┌────────
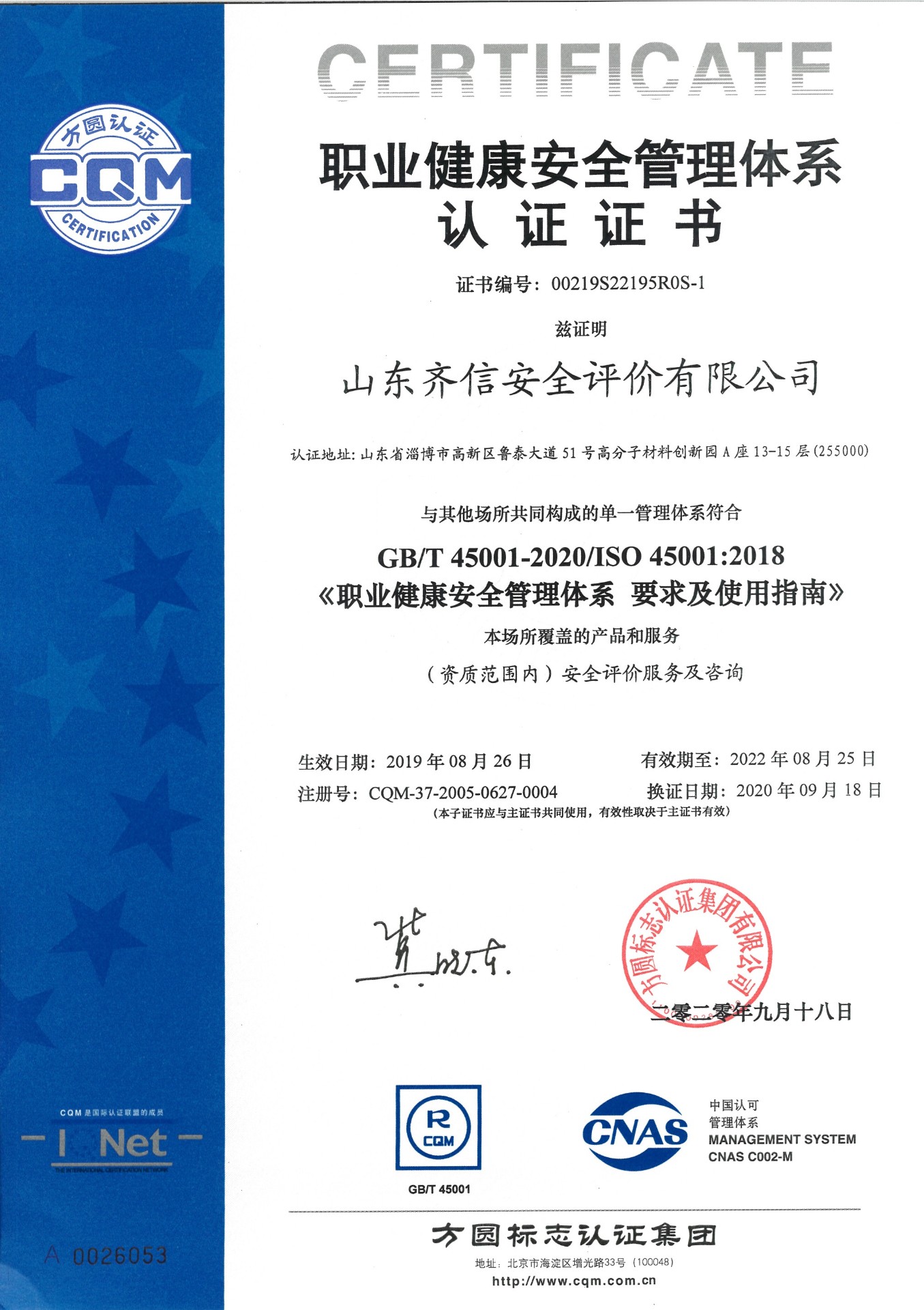 山東齊信安全評價有限公司成立于2005年3月,注冊資本300萬元人民幣,固定資產總值804.8728萬元。法定代表人徐光明,注冊地址及辦公地址位于淄博高新區魯泰大道51號高分子材料創新園A座13-15樓。2005年9月取得安全評價機構乙級資質。自國家應急部1號令實施以來,公司于2020年1月15日取得新安全評價資質,業務范圍包括:陸上油氣管道運輸業;石油加工業,化學原料、化學品及醫藥制造業;金屬冶煉。2018年12月21日取得安全生產標準化二級評審單位,評審范圍:危險化學品、紡織、建材、輕工、冶金、機械。              公司現有人員41人,其中專職安全評價師37人,注冊安全工程師26人,研究員1人、碩士5人、雙學士1人,山東省安全專家庫專家1人、教授級高工1人,高級工程師8人、工程師22人,專職危險化學品標準化評審員、工商貿標準化評審員30人,本科以上學
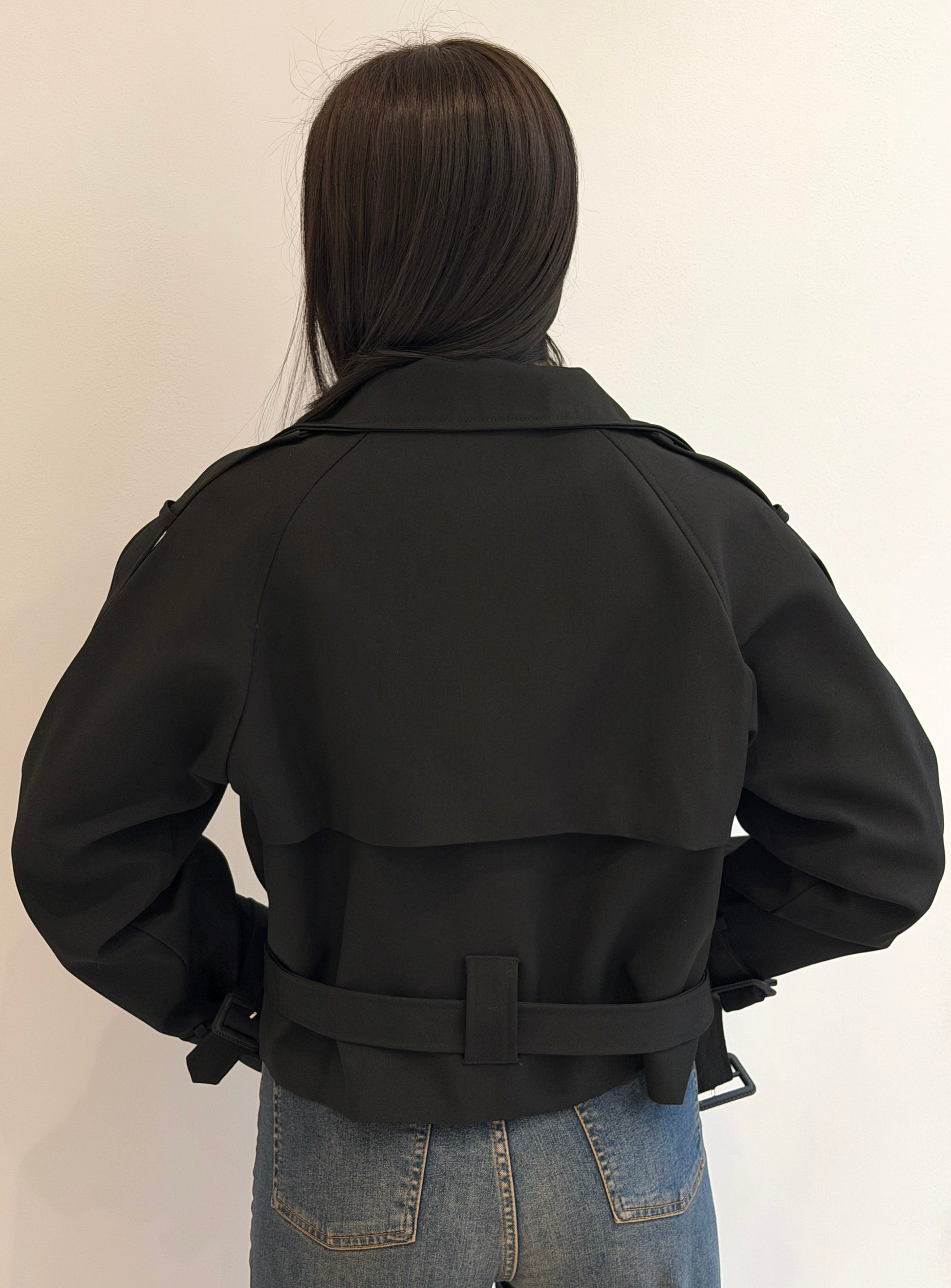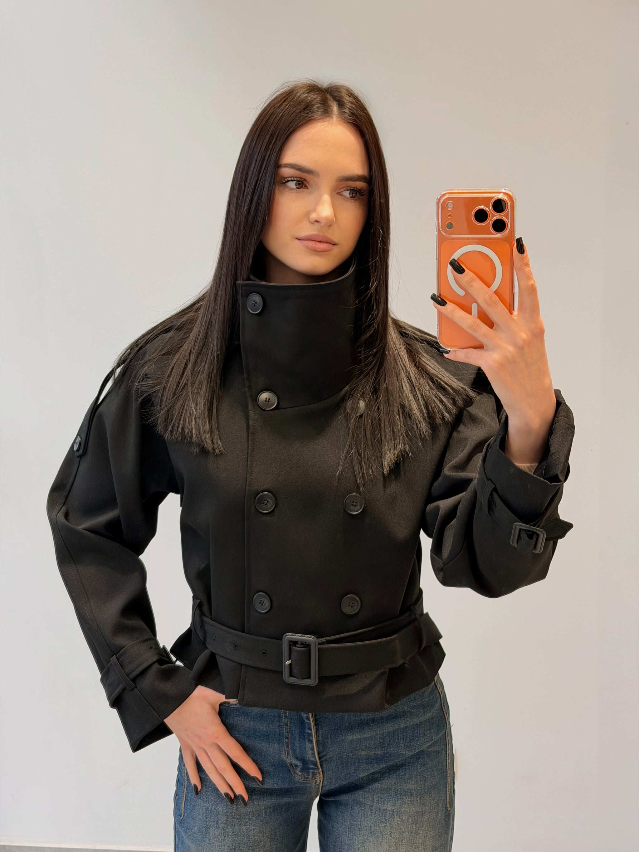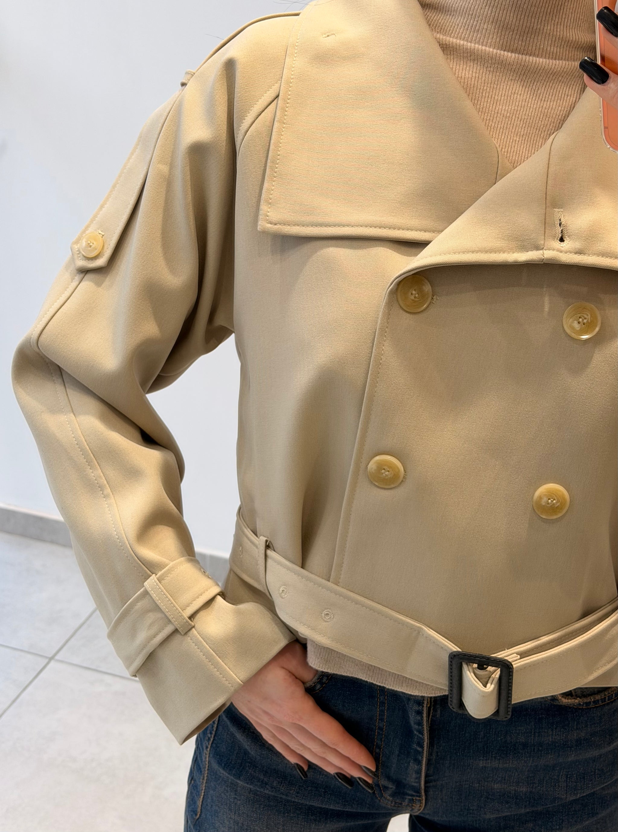 Trench scurt cu guler înalt și închidere dublă cu nasturi. Prevăzut cu cordon în talie și curelușe ajustabile la mâneci pentru un plus de structură. Croială modernă, ideală pentru un look sofisticat.
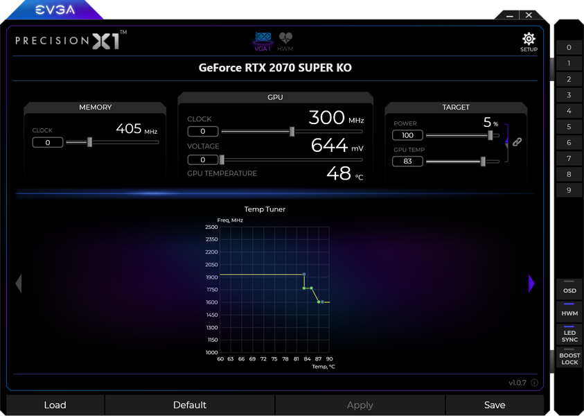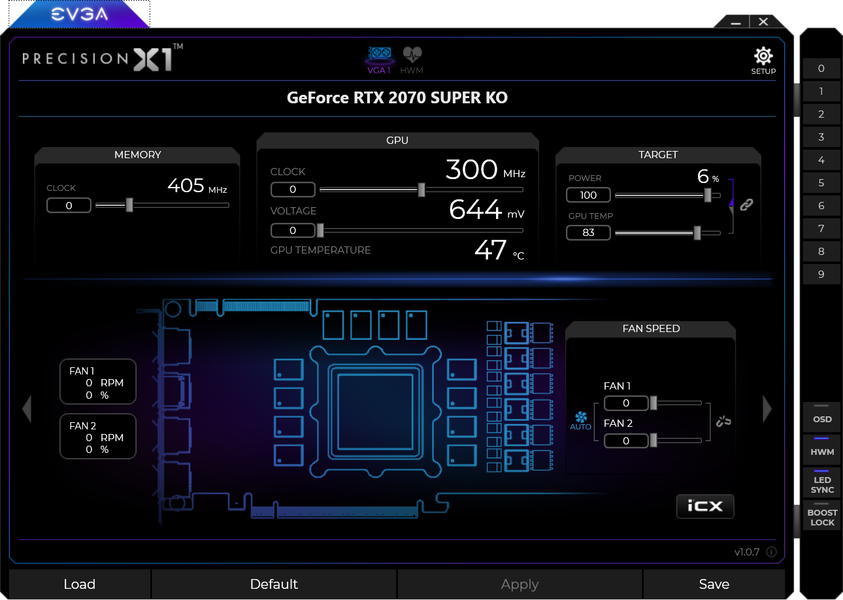 Управление работой карты обеспечивается с помощью фирменной утилиты EVGA Precision X1.
└────────
== Directions for this task ==
The task requires that every line above be transcribed exactly, without the images.

== Exercise solution ==
 山東齊信安全評價有限公司成立于2005年3月,注冊資本300萬元人民幣,固定資產總值804.8728萬元。法定代表人徐光明,注冊地址及辦公地址位于淄博高新區魯泰大道51號高分子材料創新園A座13-15樓。2005年9月取得安全評價機構乙級資質。自國家應急部1號令實施以來,公司于2020年1月15日取得新安全評價資質,業務范圍包括:陸上油氣管道運輸業;石油加工業,化學原料、化學品及醫藥制造業;金屬冶煉。2018年12月21日取得安全生產標準化二級評審單位,評審范圍:危險化學品、紡織、建材、輕工、冶金、機械。              公司現有人員41人,其中專職安全評價師37人,注冊安全工程師26人,研究員1人、碩士5人、雙學士1人,山東省安全專家庫專家1人、教授級高工1人,高級工程師8人、工程師22人,專職危險化學品標準化評審員、工商貿標準化評審員30人,本科以上學
 Trench scurt cu guler înalt și închidere dublă cu nasturi. Prevăzut cu cordon în talie și curelușe ajustabile la mâneci pentru un plus de structură. Croială modernă, ideală pentru un look sofisticat.
 Управление работой карты обеспечивается с помощью фирменной утилиты EVGA Precision X1.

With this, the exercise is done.